======== SUPPLIED RECORDS

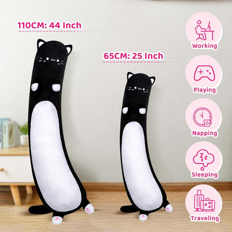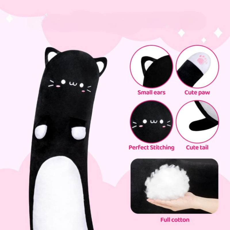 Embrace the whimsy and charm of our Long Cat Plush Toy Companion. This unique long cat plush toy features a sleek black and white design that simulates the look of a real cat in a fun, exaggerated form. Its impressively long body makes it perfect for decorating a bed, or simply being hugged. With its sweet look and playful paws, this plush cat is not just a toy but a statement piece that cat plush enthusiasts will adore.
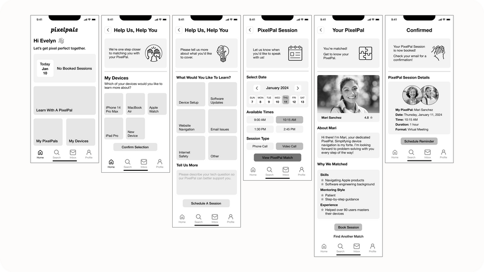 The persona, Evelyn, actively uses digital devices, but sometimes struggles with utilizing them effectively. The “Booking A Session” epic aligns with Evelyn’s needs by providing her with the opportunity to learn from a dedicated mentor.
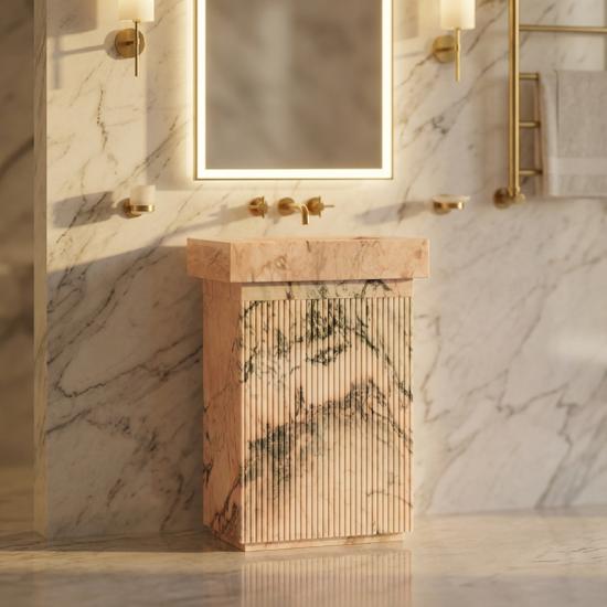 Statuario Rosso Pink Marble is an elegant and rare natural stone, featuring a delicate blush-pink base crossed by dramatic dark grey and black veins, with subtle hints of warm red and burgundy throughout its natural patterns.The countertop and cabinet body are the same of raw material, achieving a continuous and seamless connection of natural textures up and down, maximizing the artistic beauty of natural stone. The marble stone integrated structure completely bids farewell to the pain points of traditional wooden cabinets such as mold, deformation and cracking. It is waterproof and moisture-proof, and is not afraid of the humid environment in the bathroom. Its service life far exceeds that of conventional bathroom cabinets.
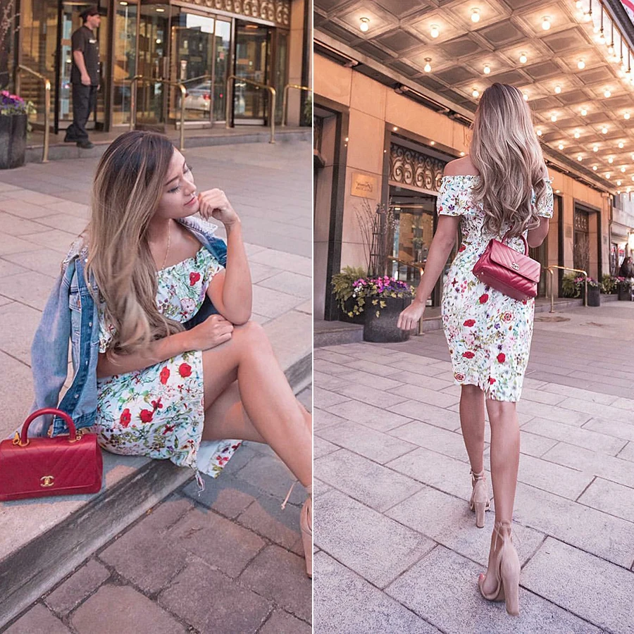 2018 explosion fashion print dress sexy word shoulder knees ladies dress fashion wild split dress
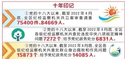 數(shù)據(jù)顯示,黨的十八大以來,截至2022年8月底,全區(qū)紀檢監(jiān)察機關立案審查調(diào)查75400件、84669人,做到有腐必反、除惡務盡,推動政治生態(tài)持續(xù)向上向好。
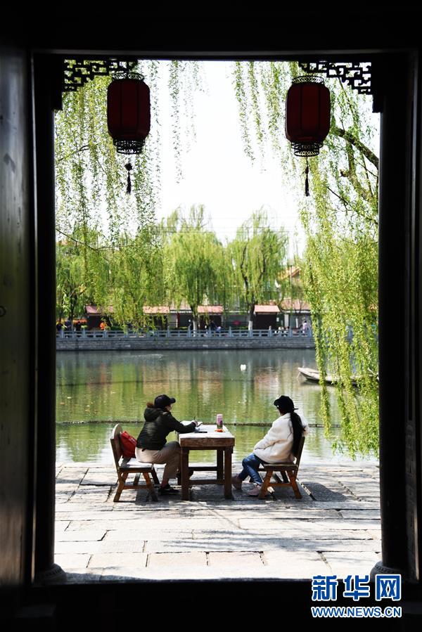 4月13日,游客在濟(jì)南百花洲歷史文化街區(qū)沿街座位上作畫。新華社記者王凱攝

================

TASK PROMPT:
Copy exactly the lines that run from the one containing "2018 explosion fashion" to the last line of the records, both included, and leave out every picture.

ANSWER SECTION:
 2018 explosion fashion print dress sexy word shoulder knees ladies dress fashion wild split dress
 數(shù)據(jù)顯示,黨的十八大以來,截至2022年8月底,全區(qū)紀檢監(jiān)察機關立案審查調(diào)查75400件、84669人,做到有腐必反、除惡務盡,推動政治生態(tài)持續(xù)向上向好。
 4月13日,游客在濟(jì)南百花洲歷史文化街區(qū)沿街座位上作畫。新華社記者王凱攝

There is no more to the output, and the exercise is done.